When the investigation into the car jacking began, police detectives conducted several witness interviews, including the victim, Contez Caldwell, and an eyewitness to the crime, David Hayslip. (Dkt. 96). While Caldwell indicated he could not identify who the shooter and/or car jackers were, Hayslip from a photograph, identified Plaintiff as one of the shooters. Based on the eyewitness account, early on September 27, 2000, Plaintiff was arrested by the St. Petersburg Police and charged with car jacking.
According to Detective Carl Watt's affidavit, after Plaintiff's arrest, Plaintiff denied any involvement in the shootings and stated he was attending his child's birthday party on the date of the car jacking. Detective Watts followed up on Plaintiff's alibi statement and contacted Plaintiff's mothers' home, where Plaintiff indicated the party was held. According to Detective Watts, the woman with whom he spoke could not provide the date on which the alleged birthday party was held. (Dkt. 6).
After his arrest, Plaintiff was transported to the Pinellas County Jail. Later that morning, Plaintiff appeared before a state court judge for an advisory hearing. During the advisory hearing, the judge found probable cause to continue holding Plaintiff in jail. On October 18, 2000, the State Attorney filed a felony information charging Plaintiff with first degree felony car jacking. Due the nature of the offense, bond was set and while Plaintiff's attorneys tried numerous times to reduce the bond, the requests were not granted. Plaintiff remained in the Pinellas County Jail until February 20, 2002, when his father posted bond securing his release.

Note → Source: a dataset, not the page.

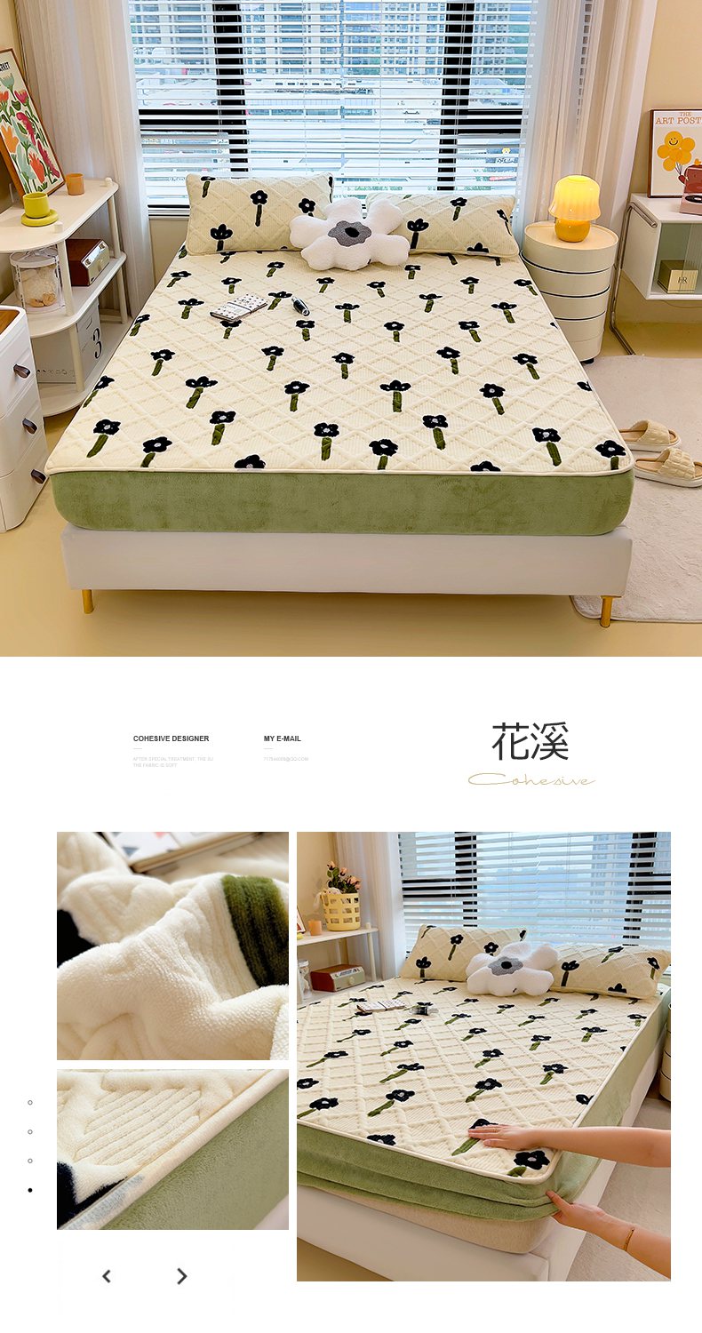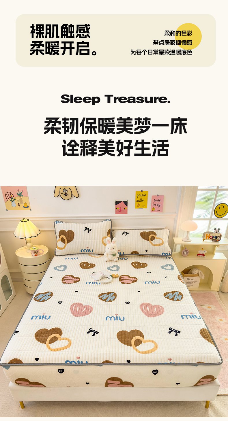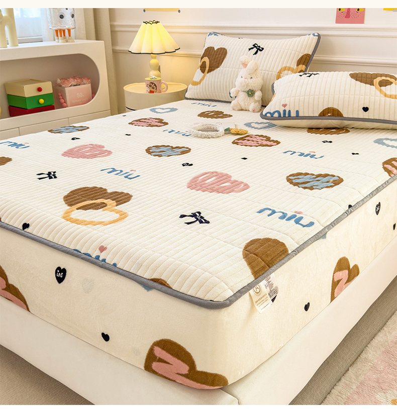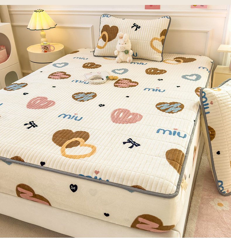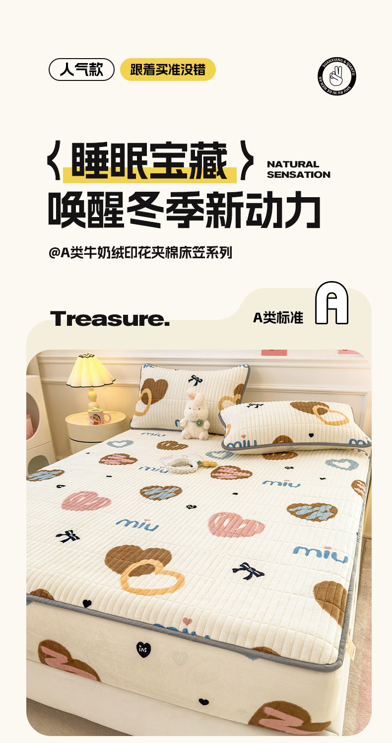 • 91家纺网 家纺一手货源 找家纺 摩妮卡 2025新款小清新系列印花牛奶绒夹棉床笠三件套 心元素

On June 6, 2001, St. Petersburg detectives, Karl Sauer and Carl Watts, interviewed two individuals incarcerated in the Hillsborough County Jail, Reginald Johnson and Yves Mathieu. During the interview, Johnson informed the detectives that he was aware of the car jacking and knew the four people involved, i.e., Ashby, Mathieu, Gaines and Alexander Contreras. (Dkt. 96 at 17). Johnson further stated that Mathieu admitted going to St. Petersburg with Ashby, Gaines and Contreras and indicated that while there he shot "a young black man" for twenty (20) inch tire rims and eighteen (18) inch speakers. Id. at 17-18. Johnson also advised that Mathieu informed him that he had "dumped the car after he took the rims and speakers . . . [and] later used the property for his [Mathieu's] own Chevy."Id. at 18. After interviewing Johnson, the detectives interviewed Mathieu, who denied having any involvement in the car jacking and informed Detectives that Johnson was untrustworthy. He did, however, admit that the tire rims and speakers found in his home were stolen, but that he had purchased them from Johnson for $2,000. According to Mathieu, Johnson was known to sell stolen goods.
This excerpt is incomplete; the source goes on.